Dataset records:
++++++++++++++++++++

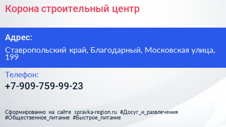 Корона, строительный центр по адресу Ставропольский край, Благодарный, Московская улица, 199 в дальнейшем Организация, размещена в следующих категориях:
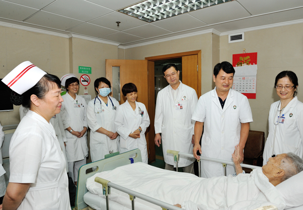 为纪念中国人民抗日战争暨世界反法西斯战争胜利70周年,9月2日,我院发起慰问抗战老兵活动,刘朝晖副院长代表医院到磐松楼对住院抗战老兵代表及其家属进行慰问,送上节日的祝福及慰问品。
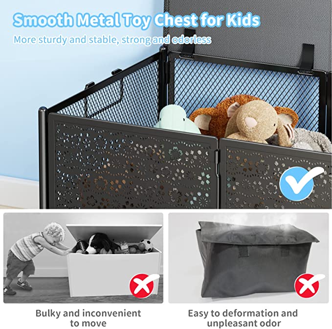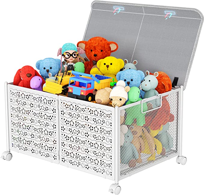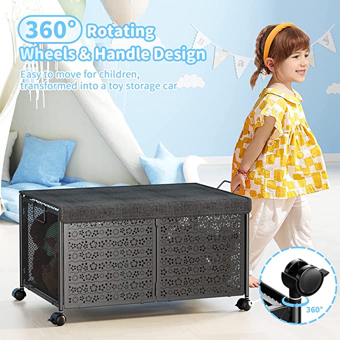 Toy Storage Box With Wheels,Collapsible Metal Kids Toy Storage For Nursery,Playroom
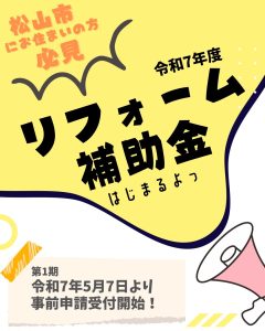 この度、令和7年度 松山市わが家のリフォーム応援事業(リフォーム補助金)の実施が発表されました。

++++++++++++++++++++

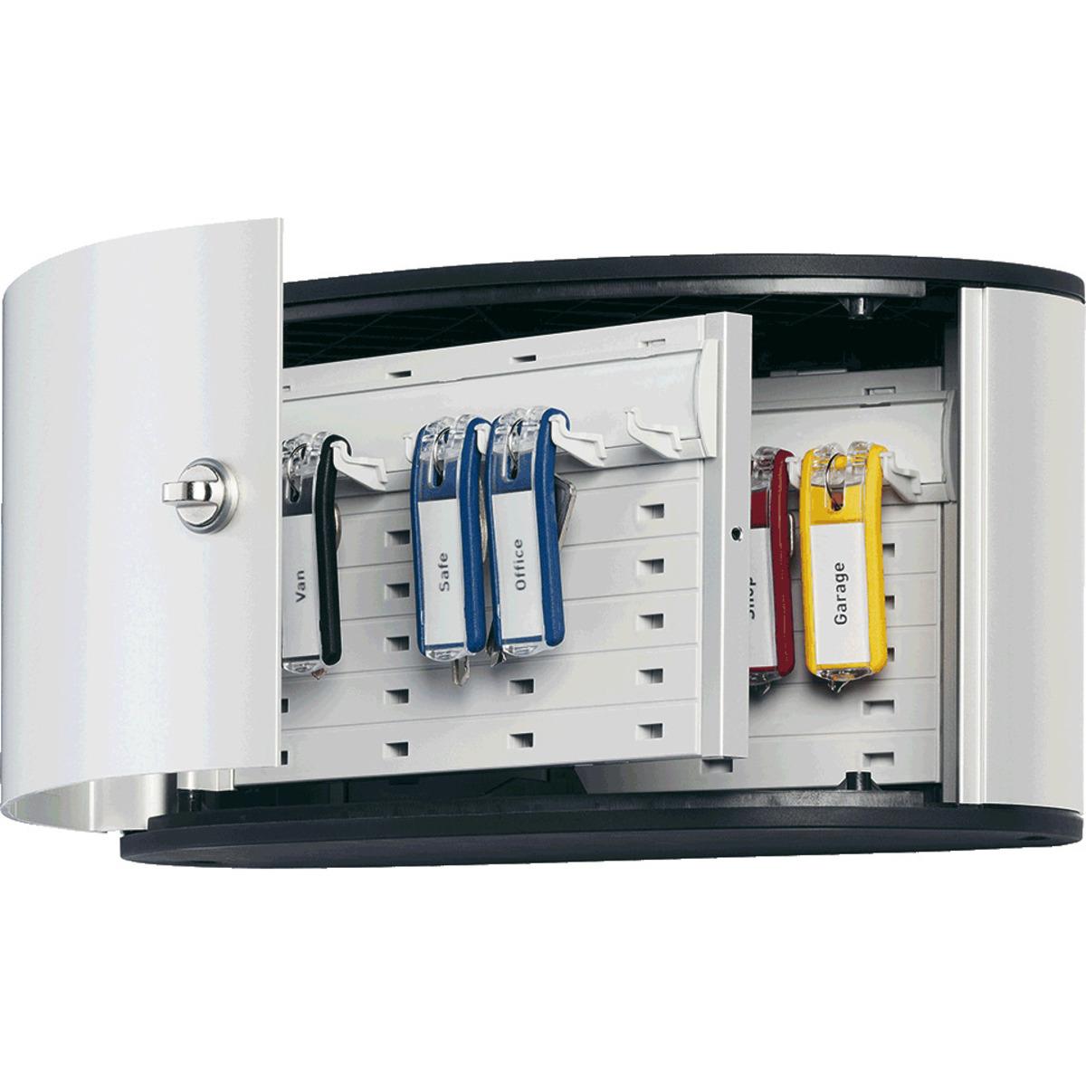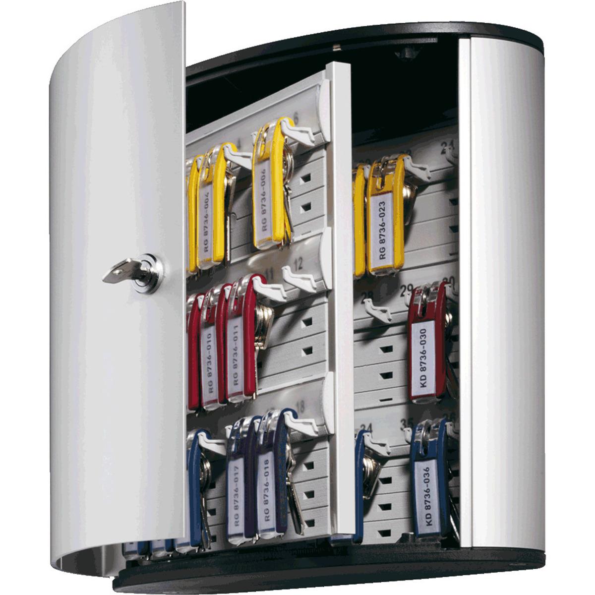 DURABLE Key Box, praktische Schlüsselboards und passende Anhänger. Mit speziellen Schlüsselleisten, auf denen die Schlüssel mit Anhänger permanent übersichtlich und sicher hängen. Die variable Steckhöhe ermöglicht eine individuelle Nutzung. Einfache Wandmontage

++++++++++++++++++++

Task prompt: Word for word, retype the lines in the entries above that run from the one with "Корона, строительный центр" through the one with "この度、令和7年度 松山市わ". Both ends count; pictures do not.

The completed task:
 Корона, строительный центр по адресу Ставропольский край, Благодарный, Московская улица, 199 в дальнейшем Организация, размещена в следующих категориях:
 为纪念中国人民抗日战争暨世界反法西斯战争胜利70周年,9月2日,我院发起慰问抗战老兵活动,刘朝晖副院长代表医院到磐松楼对住院抗战老兵代表及其家属进行慰问,送上节日的祝福及慰问品。
 Toy Storage Box With Wheels,Collapsible Metal Kids Toy Storage For Nursery,Playroom
 この度、令和7年度 松山市わが家のリフォーム応援事業(リフォーム補助金)の実施が発表されました。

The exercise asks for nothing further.